2016年新作

JaheimとSilkの新作は評価に迷う。数個惹かれる曲はあるのだが、ある種の感情を揺さぶられないというか・・・。だから一言コメントが浮かんで来ない。完成度で言えばSilkの方が上だと感じている。
01.Quiet Sormから期待させる。このオープニングこそSilk。5人組に戻ってLil' Gの歌いっぷりも良い。昔より深い声で吼えるようになったなぁ。02:Love 4 U To Like Meこそが本作のベストだと思っている。ミドルテンポで傑作を発表できるなら次回作まで安心できる。04:Baby Suitも彼らしい。07:On My Mindもナイス。09:I Love Youもファン納得のレベル。こういう曲は良い意味で昔のSilkを感じる。結局、1stのLose Controlの解釈と3作目のI Wonderの解釈が通常のR&Bリスナーからズレているから、本作もちゃんと理解できてないのだろう。。

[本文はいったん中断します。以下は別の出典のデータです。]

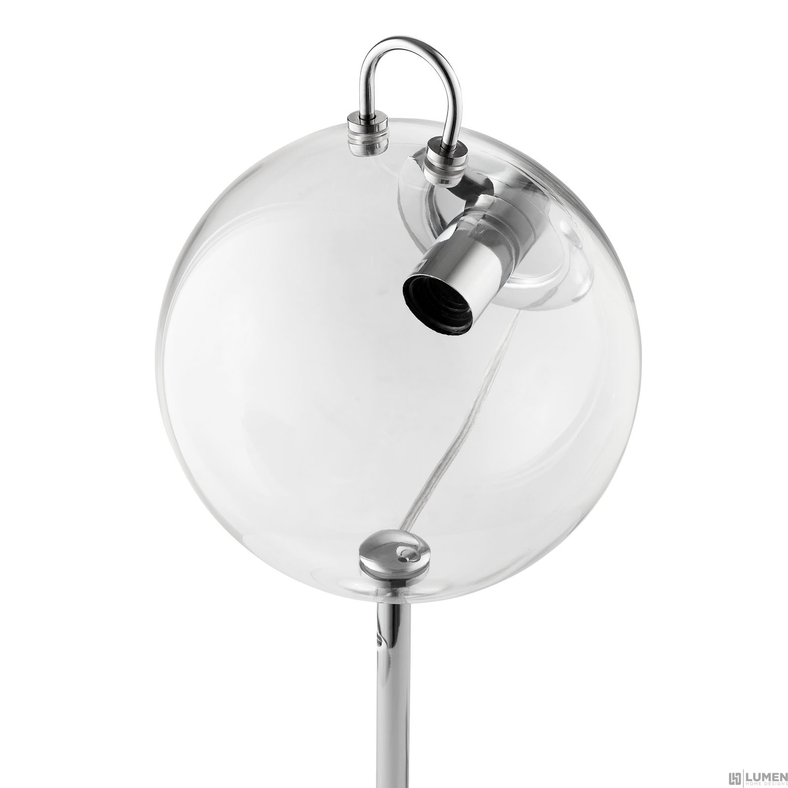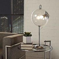 Short Description Modern casual table lamp Transparent glass shade Chrome plated metal frame "Takes 1 60 Watt, up to 150 Watt Standard Light Bulb(Not Included)" No assembly required UL Listed and Approved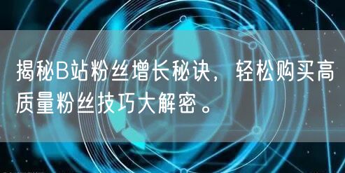 随着B站的快速发展,越来越多的个人和企业开始重视在B站上的影响力。而粉丝数量是衡量影响力的一个重要指标。本文将为您揭秘B站粉丝增长的秘诀,帮助您轻松掌握购买高质量粉丝的技巧。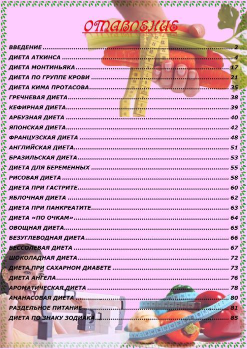 In the book, 95 pages of recipes and illustrated materials of a healthy diet.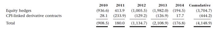 Notice how there was a slight improvement in 2013 and a doubling in value in 2014. This may be a precursor to broader market conditions as we saw the same thing leading up to the Great Recession. First, the valuation of the hedging program starts shifting positive and then the early bets pay off in spectacular fashion. It’s definitely something to keep in mind as you continue to invest in today’s markets. I would not discount the fact that Fairfax’s hedge book is beginning to increase in value.
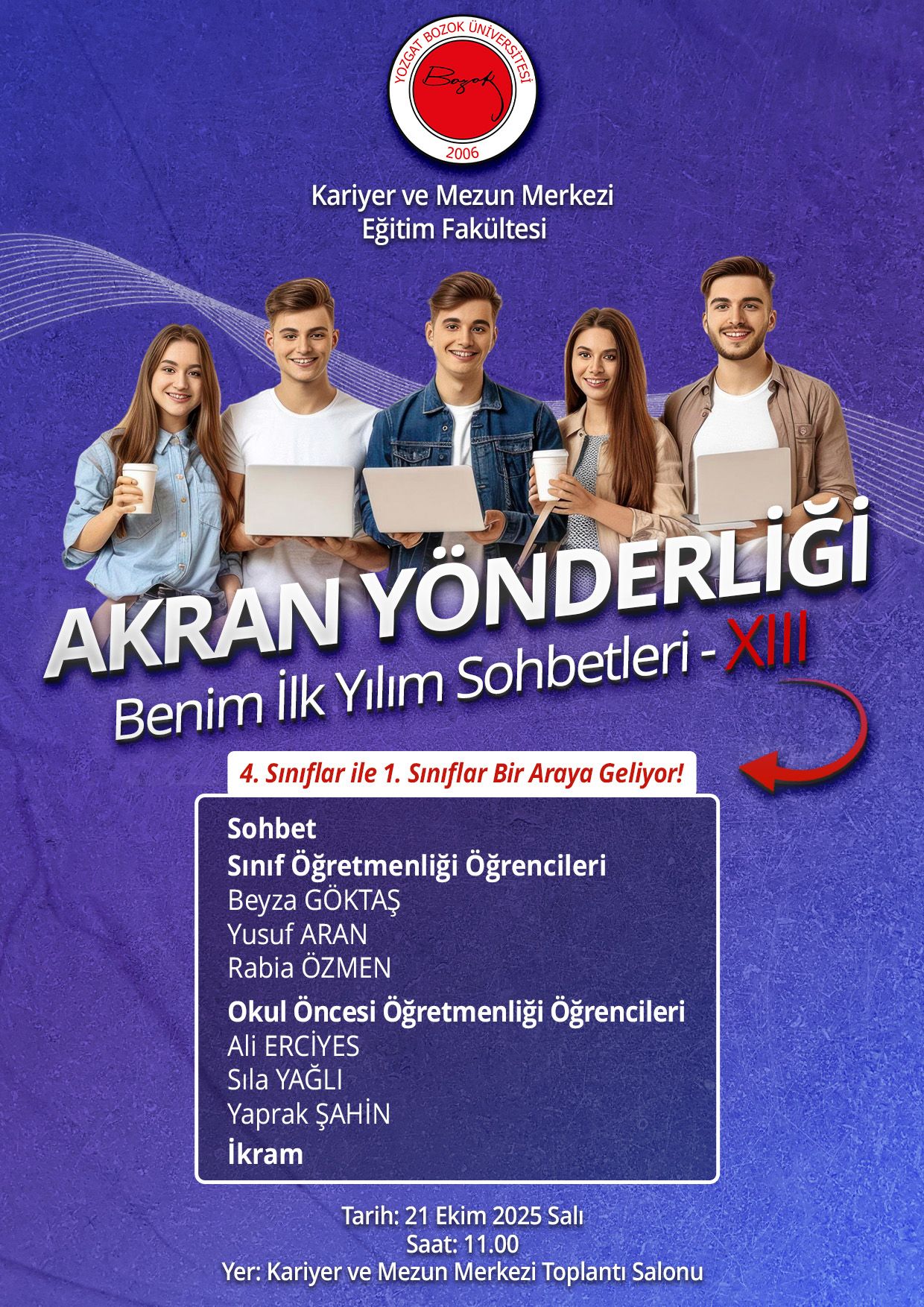 Yozgat Bozok Üniversitesi Kariyer ve Mezun Merkezi koordinasyonunda düzenlenen “Akran Yönderliği: Benim İlk Yılım Sohbetleri” etkinliği, 21 Ekim 2025 Salı günü saat 11.00’de Kariyer ve Mezun Merkezi Toplantı Salonu’nda gerçekleştirildi.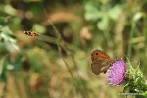 Εν τω μεταξύ στον μικρόκοσμο των εντόμων μια Maniola Jurdina έχει μόλις εγκατασταθεί στο άνθος του γαϊδουράγκαθου. Τρέφεται με φυτικούς ιστούς και νέκταρ και με τον τελετουργικό χορό της θα μεταφέρει τη γύρη, πιστή στο έργο της αναπαραγωγής του κύκλου της ζωής. Την ίδια στιγμή μια μέλλισσα πετάει προς τα εκεί με μεγάλη ταχύτητα έτοιμη να διεκδικήσει το μερίδιό της. Το σώμα της θυμίζει κάτι …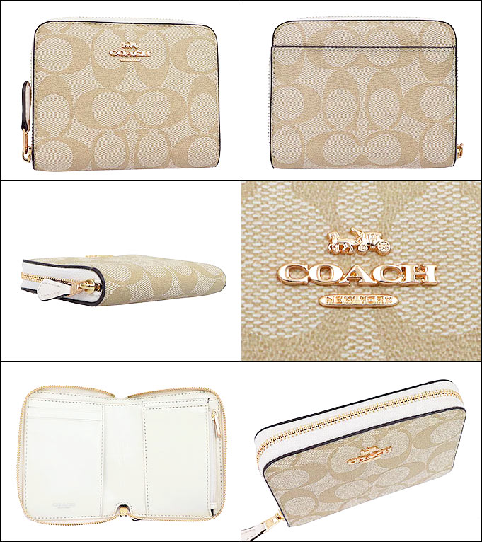 財布(二つ折り財布)F30308 30308 ライトカーキ×チョーク シグネチャー PVC レザー スモール ジップ アラウンド ウォレット アウトレット品 ※商品画像はデジカメによる撮影の為、実際の色と若干異なる場合がございます。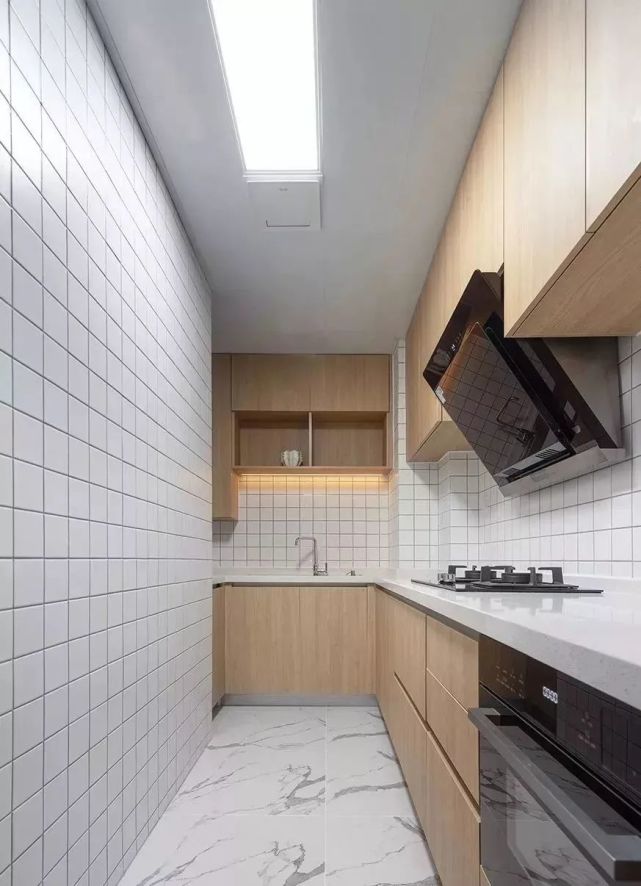 厨房空间一切以实用为先,样式和色调上呼应整体。小方格的墙砖很有气质,让整个厨房空间变得更加简洁大方。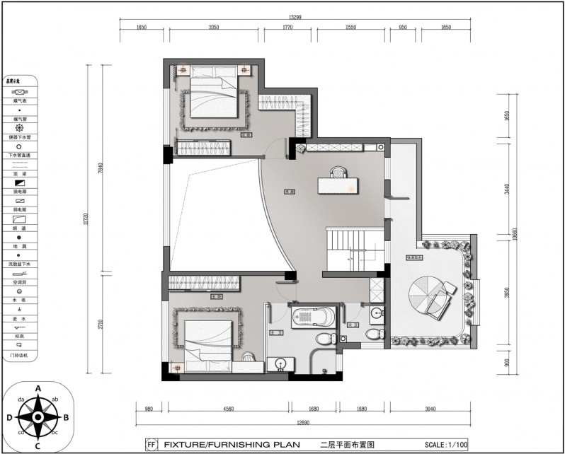設(shè)計說明:房屋是改善型住房,居住人口為2-3人。在空間處理上,主要考慮居住者的舒適度和生活習(xí)慣,實現(xiàn)業(yè)主以前無法滿足的休閑娛樂功能需求。原始戶型結(jié)構(gòu)布局的不合理,可通過倒板增加書房、花園和洗衣房,滿足業(yè)主生活情趣。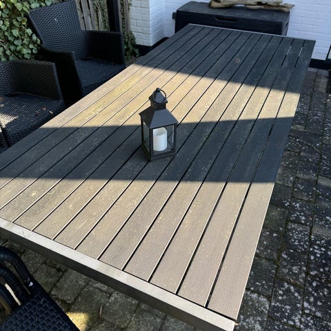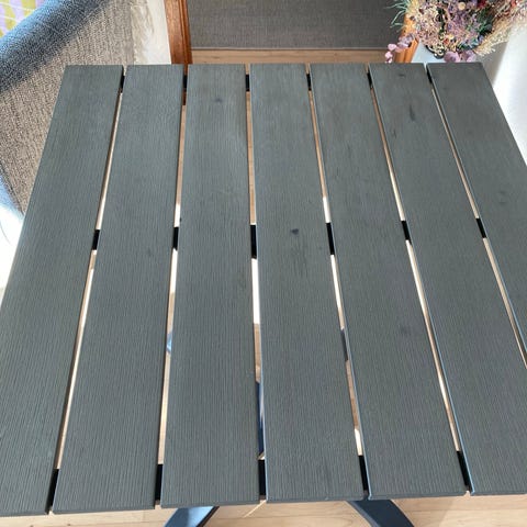 Kvadratisk havebord med lamelbordplade i trælook grå og sort stel.Velegnet som café- eller altanbord samt til mindre uderum, hvor der er behov for et kompakt bord med robust fod.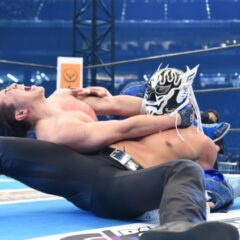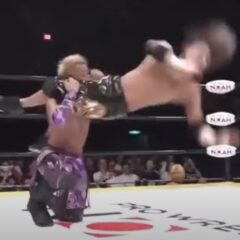 サドンデス(疑惑の右足)「硬くて重いものが仕込まれている」という疑惑のシューズで顔面を蹴りフォールを奪う。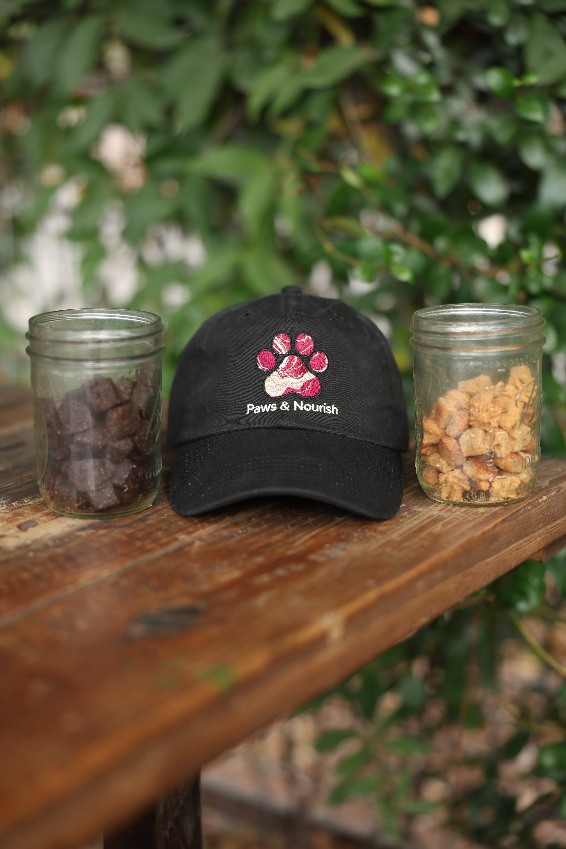 Show off your love for Paws & Nourish with our sleek black logo hat — a unisex staple designed for comfort, style, and sustainability. Each hat is carefully embroidered with our signature P&N logo in its classic colors: rich red/plum, warm gold, and soft cream.

けど、Lose Controlの解釈はウチが正しいと信じている。こちらにも書いたけど男性の方が肌感覚が弱い。進化生物学的に言えば、女性の方が赤ん坊を抱える事が多かったから、肌を通じて赤ん坊の存在をより感じられるように進化してきた。それがSEXの時の肌感覚の性差に繋がる。そしてLose Controlだけが男も肌感覚を鍛える道を訴えている。I Wonderについては俺が間違っている。この文章を書くために10年ぶり?それ以上かな、聴いて痛感した。さすがにこの地点で振り返るとWonderはない。あの時、どういう選択をしていればBestだったのかも痛感する。けど、当時は全く分からなかった。

脱線したので灰色にしておくけど、Silkの本作は久しぶりの新作発表(2006年のAlways And Foreverはカバー集だと思うので、2003年のSilktime以来の13年ぶりかな)なのに良い意味で苦悩がなくて、全編明るい曲。それもホメるべきなんだろうね。


Jaheimは14曲の構成が水増し感。01:My Shoesとか、こういう始まり方は確かに彼らしいのだけど。02:Craziest Placeとかうーん。曲名としては良いけど、04:Struggle LoveもStruggleを感じない。個人的にはR. Kellyが全面バックアップした作品を聴きたい。R. Kellyの才能の幅の広さとJaheimの声の組み合わせ。R. Kellyが作れば本当のStruggle Loveが出てくると思う。JaheimだけじゃまぶしすぎてStruggleなのに「地面をはいずりまわるような感覚」が出ない。それは褒めるべき点かもしれないが。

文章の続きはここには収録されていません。